POSTs are a type of internal tests that machines perform when they start or reset. POST is a program that checks if the microprocessor works as intended by running some simple and fast operations.
By storing some info in the ROM and then reading it, it can also test each byte of memory by checking the patterns in and on it.
Technipages Explains Power-On Self-Test (Post)
The internal tests that are part of POST are designed to test as much computer functionality as possible. They also include a check of every connected devices – they check if the keyboard responds, if the connected drives work, and if a printer responds to a request.
The more core tests – those that target the CPU and memory – are the main purpose of the POST checks. While peripherals can ultimately be replaced easily and usually aren’t a necessity in order for the machine to run.
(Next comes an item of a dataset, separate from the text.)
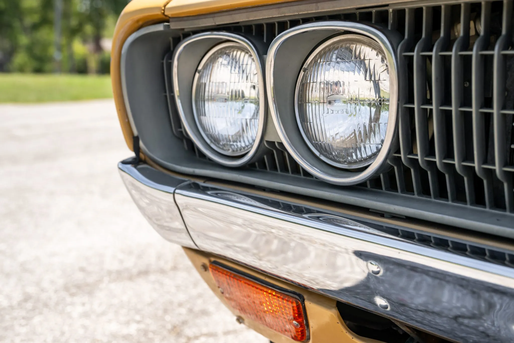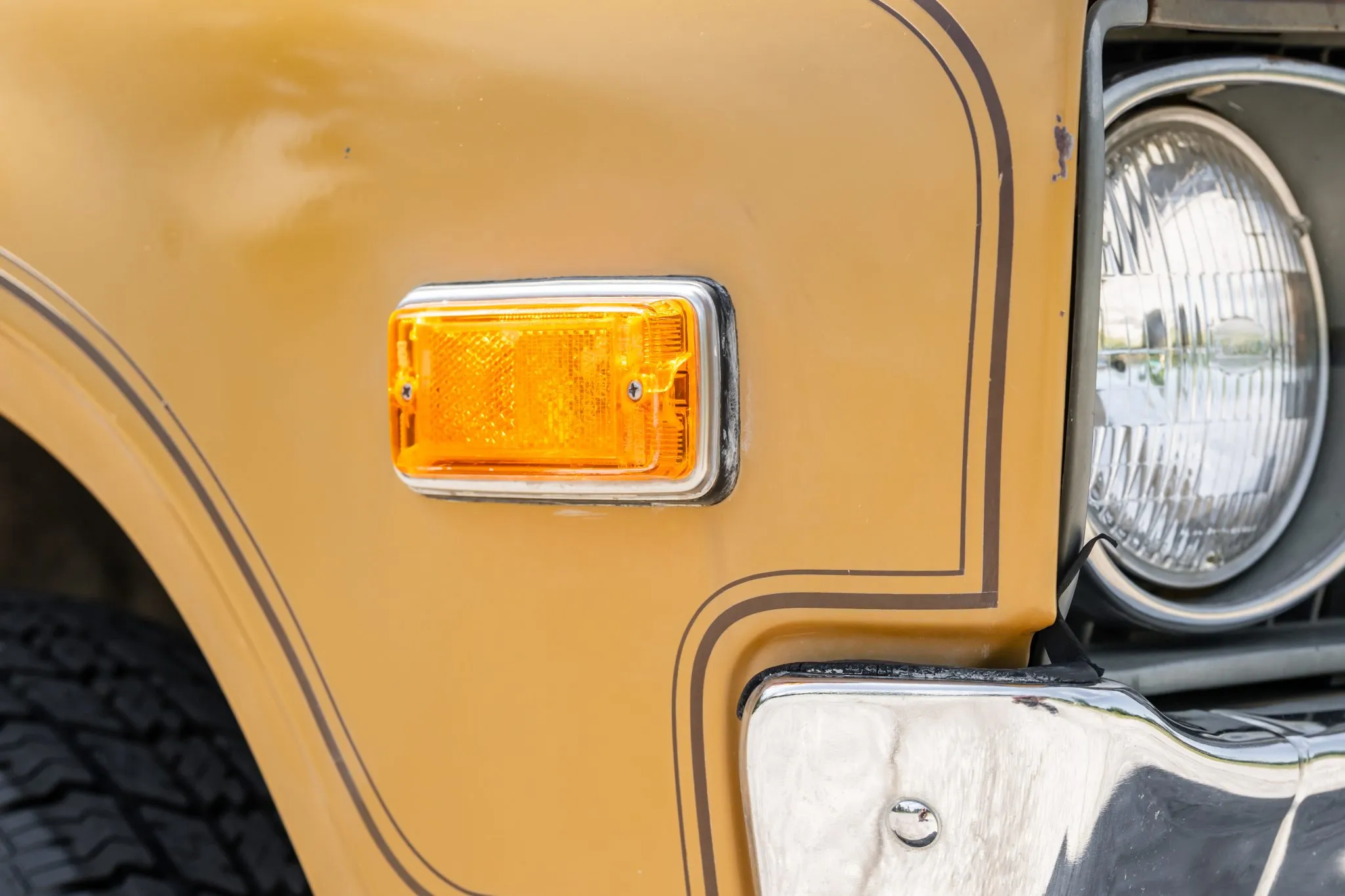 The truck is finished in Desert Gold with contrasting pinstripes and tailgate graphics, and equipment includes a stepside bed, quad headlights, and chrome bumpers.

One of the last checks performed is the search for a BIOS. POST checks drive A for some form of operating system, if that fails it checks other drives instead. Once the POST check is complete, the machine does whatever it was instructed to – be that boot, reboot or something else entirely.
While personal computers utilise POST tests, so does other tech. They are run by appliances, used in avionics, even in medical equipment.
Whenever a device that uses them is powered on restarted, they run automatically. The results can be displayed on a screen or stored by a diagnostic tool. In cases where monitors are tested, functionality is usually present in order to still display results if the monitor doesn’t work – this could be a lamp, speaker or something else entirely.
Common Uses of Power-On Self-Test (Post)
- Power-On Self-Tests are a great way to check for functionality without requiring a user to perform manual checks.
- POST checks run automatically on power-up.
- POST testing is used across a variety of tech sectors.
Common Misuses of Power-On Self-Test (Post)
- POST checks run after certain actions such as closing a program or switching off the PC.